To a great degree we have lost the traditional notion of a 'liberal art'. When we talk about liberal arts, we mean certain fields of study; liberal arts are fields of general knowledge and 'general intellectual capacities'. But this is not at all the original idea behind the 'liberal arts'. The liberal arts were arts, different from mechanical or manual arts in the sense that they were not geared toward physical production of effects, but arts nonetheless. A liberal art was a skill for making something, and, in particular, for making those kinds of things that are most useful for intellectual activities. Thus the liberal arts were not themselves 'general' at all, although, of course, a single liberal art could be useful in a wide variety of fields. They were specific ways of doing the work that was instrumental for intellectual discovery and understanding.

We find this understanding very nicely stated by Thomas Aquinas in the thirteenth century:

Even in speculative matters there is something by way of work: e.g. the making of a syllogism or of a fitting speech, or the work of counting or measuring. Hence whatever habits are ordained to such like works of the speculative reason, are, by a kind of comparison, called arts indeed, but "liberal" arts, in order to distinguish them from those arts that are ordained to works done by the body, which arts are, in a fashion, servile, inasmuch as the body is in servile subjection to the soul, and man, as regards his soul, is free [liber]. On the other hand, those sciences which are not ordained to any such like work, are called sciences simply, and not arts.


I've actually come to think of this as rather important. Consider reading, which is as basic a liberal art as any. We tend to think of reading as in a sense transparent: you read what's on the page and that's that. But, really, anyone who does a lot of work with texts knows that it's not quite so simple, and you can have someone perfectly literate, in the sense of being able to read, who can look at a text and not make heads or tails of it, or, alternatively, who makes a complete hash of interpretation. This is because reading a text is not like just looking out a window; it involves work. Reading is doing things with texts, even if it's as simple as comparing this passage with that passage, or vividly imagining a scene, or making speculations as to what a character is thinking in light of what the author tells us. Good readers are people who have picked this up and practiced it enough that many of these things are second nature to them. This has made me realize that I need to change certain aspects of the way I deal with reading in my courses. Instead of just assigning reading, I should ask myself, "What can I have my students do with the text, given that I can take for granted that some students will have not picked up some of these habits? How can I modify my reading assignments so that instead of justing saying, 'Read,' I've made reasonably sure that they've had a chance to do something with the text -- and that will be a way to read it?" This is a very difficult set of questions, but I think we need to recover enough of the older notion of liberal arts as specific skills ancillary to intellectual life in order to ask them.

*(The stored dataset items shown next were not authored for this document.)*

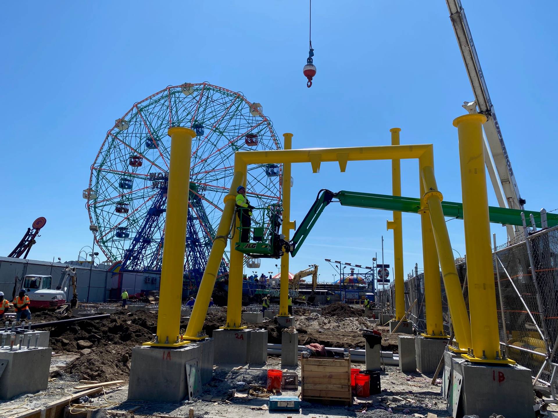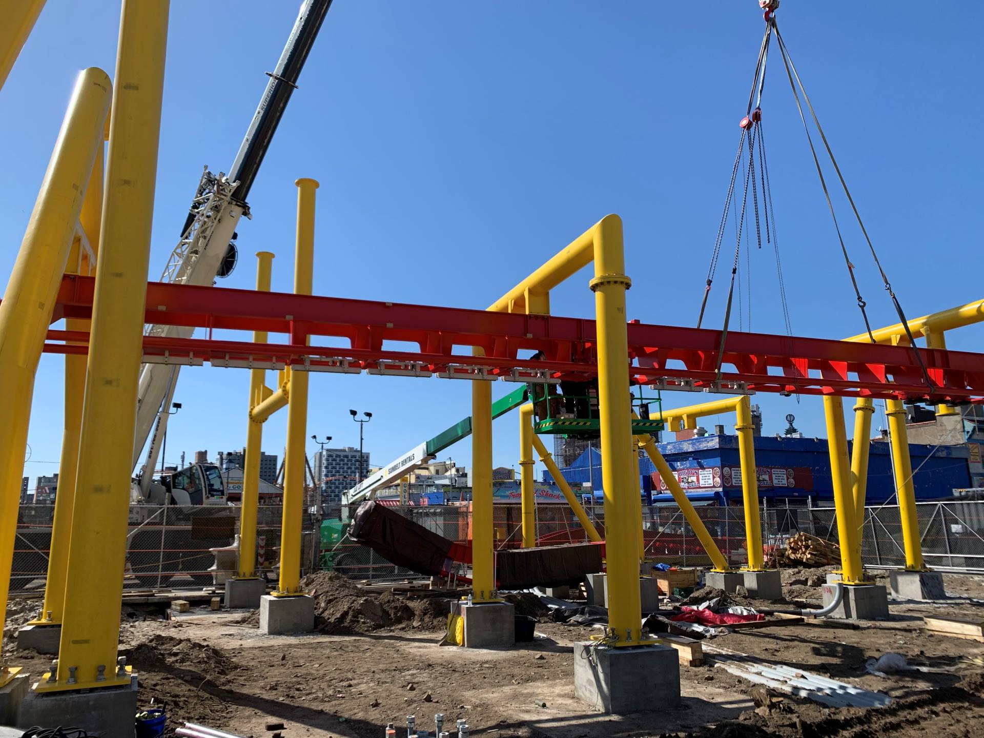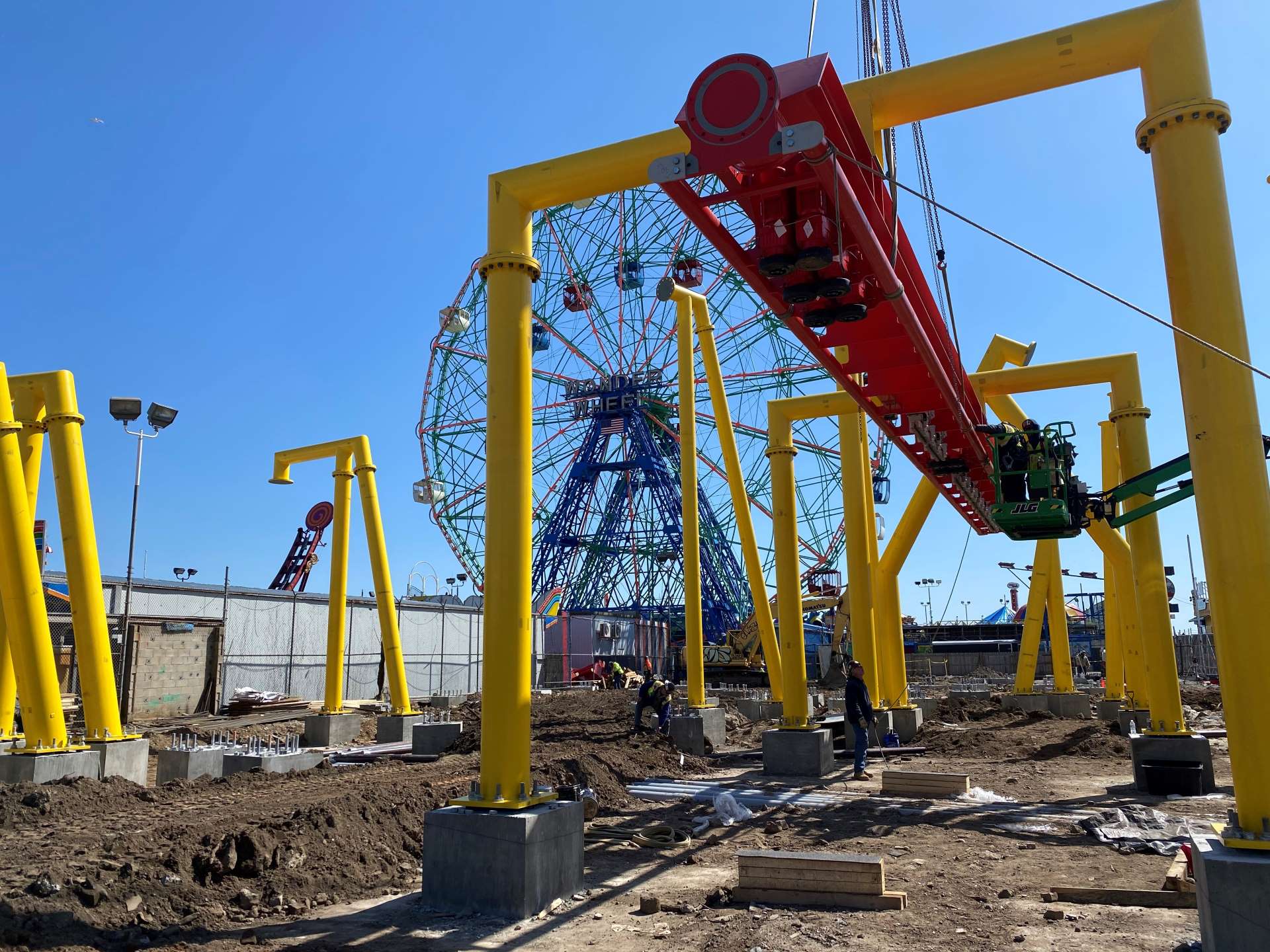 Work is progressing on Phoenix at Deno’s Wonder Wheel Amusement Park in Coney Island (Brooklyn, New York). While the structure has gone vertical, the Suspended Family Coaster still has a way to go. It is expected to be ready to fly this summer.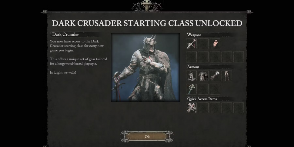 Те игроки, которые предпочитают начинать игру в стиле Souls с меньшего, могут решить подождать и разблокировать класс Dark Crusader в игре, особенно те, кто планирует пройти игру не один раз. Тем не менее, темный крестоносец имеет некоторые преимущества, которыми могут воспользоваться начинающие игроки Soulslike, например, более высокий уровень жизненной силы и длинный меч для поддержания дистанции, а также тяжелая, как у танка, мощная броня.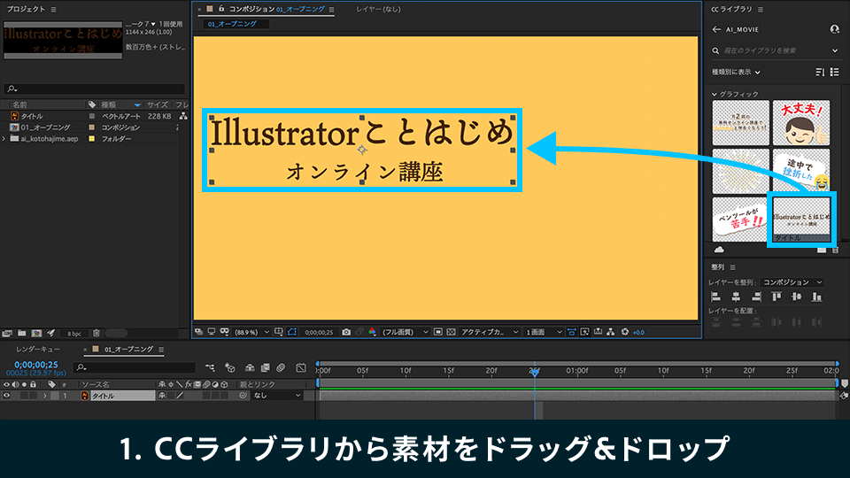 3. パネル内にIllustratorで登録した素材が表示されます。その中から「オープニング」を選択し、コンポジションパネルにドラッグ&ドロップで配置します。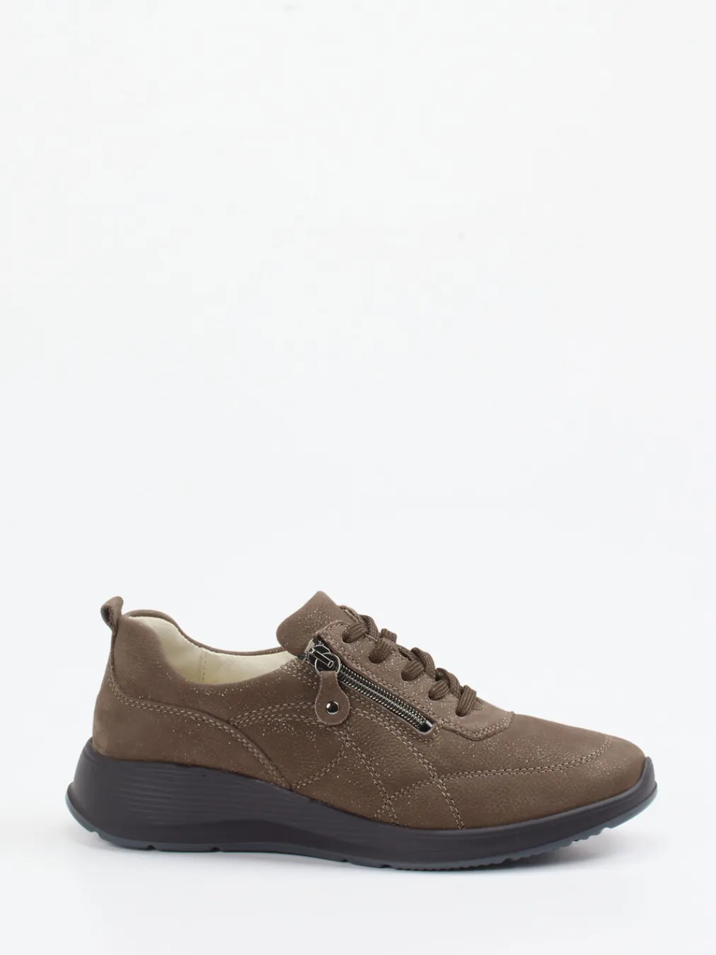 Schrittfest mit Stil.Waldläufer präsentiert mit diesem Komfort-Sneaker ein Modell für anspruchsvolle Alltagsmomente. Das hochwertige Nubukleder in dunklem Braun zeigt sich samtig genarbt und betont die runde, ergonomische Silhouette. Tonige Schnürsenkel und ein seitlicher Reißverschluss ermöglichen bequemes An- und Ausziehen. Die flexible Gummisohle mit griffigem Profil bietet Trittsicherheit. Silberfarbene Details und die dezente Zuglasche an der Ferse runden das minimalistisch-funktionale Design ab. Ideal für Relax-Tage oder längere Stadtspaziergänge – auch für Einlagen geeignet. Waldläufer steht für kompromisslose Bequemlichkeit mit zeitgemäßem Komfortanspruch.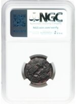 The NGC grade of VF (5/5 for strike, 2/5 for surfaces) indicates a sharply struck piece with moderate wear and some corrosion or patina roughness typical of ancient bronze coins. This makes it a better-than-average collectible with strong design definition despite surface texture.

Similar things may be said of writing. I've long been dissatisfied with the role of writing at the college level, and in particular the pervasive reliance on the essay. There's nothing wrong with essays as such, but I think professors have difficulty remembering that essays are not natural means of expression. They are very difficult to do well; it's enough not enough to be able to write, you have to have at hand a rather sophisticated panoply of liberal arts, because essays don't just flow out of the pen, they are built, constructed using a wide variety of artistic tricks. In old-style rhetoric you would often practice something like essay-writing or speech-making by the method of emulation: you would build essays or speeches or whatever by copying great essays or speeches or whatever, extensively, so that you would pick up at least some of the art of it. And the essay is such an amorphous genre -- it was literally invented as a means of rambling, a form of 'miscellaneous writing', as an alternative to an actual treatise -- that if you just say 'Write an essay on such-and-such', there's no telling what you'll get. What we need to do is give assignments that clearly tell the students to do things with what they are writing about. Some teachers already do that; but I don't think most of us do, because we are usually the sort of people who easily took to writing essays, and so we forget that an essay is something that takes very specific skills of wordcraft.

The list could go on and on. The older notion of a liberal art as a skill of craft and work pinned down something very important about intellectual life, one that I think we have lost, although I think much of what we think of as 'good teaching' is based on at least a rough sense of this missing feature. It is also the only way, I think, to save the category of 'liberal arts' from being the miscellaneous flotsam and jetsam of the College of Arts and Sciences.